Fellow chef Kevin Dundon also paid his respects to his "fantastic friend".

"He was a great friend of mine," he said. "I ate many a dinner with him and he was a great chef, a great food critic, a great storyteller and a great friend. He will be sadly missed, I just can't believe he is gone."

The popular restaurant critic had a number of small roles in films, playing an Italian ice-cream seller in pal Neil Jordan's film The Butcher Boy, and in films by John Boorman, such as The Tailor of Panama and The Tiger's Tail.

'He was the kindest, funniest, cleverest man I've ever known'

Michael Colgan

'He was my best friend for 45 years and in that time there was never a cross word, never a criticism, not even the possibility of a falling out.

"He made me feel special, but he was the one who was special.

"We met in the late 1960s when Trinity and Trinity Players were enjoying a rich harvest.
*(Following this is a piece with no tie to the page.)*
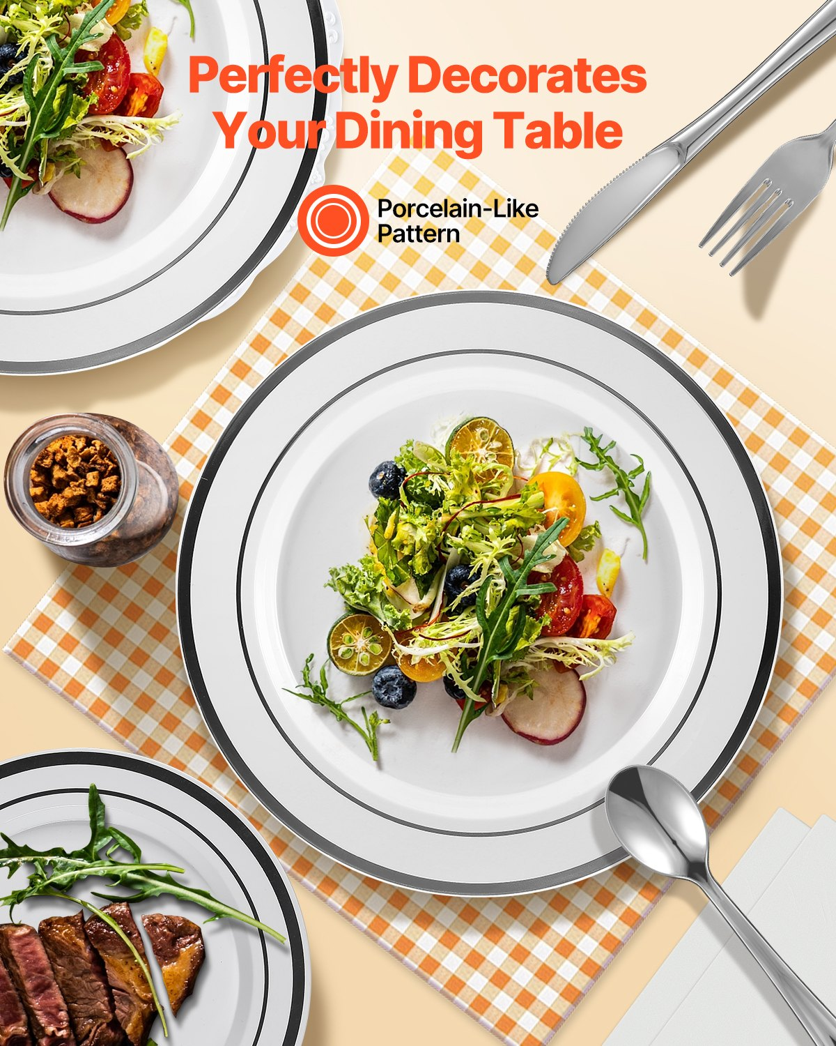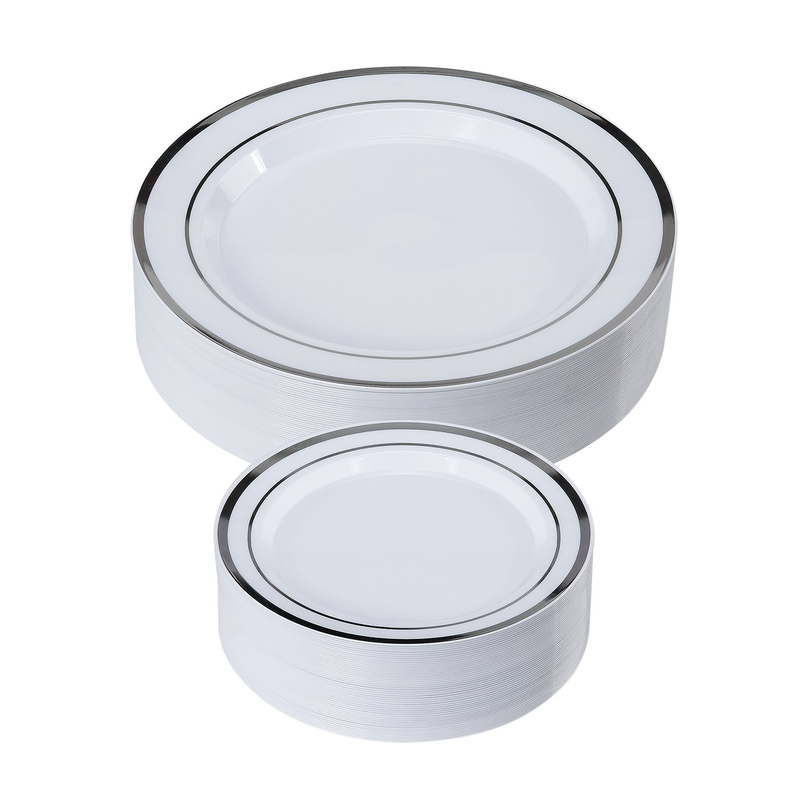 Value Pack: This 350-piece plastic dinnerware set is perfect for parties and weddings.

So much young and ripe talent: Susan Fitzgerald, Paul McGuinness, Chris de Burgh, James Morris and Kathy Gilfillan and the most talented, the most versatile and yet the most modest of us all, Paolo Tullio.

"He was the heart of our group. The go-to man.

"When you were with Paolo, you were King of the College. And then it continued. Glorious years of rare friendship and privilege.

"The funniest, the cleverest, kindest man I have ever known. I have no idea what I will do without him."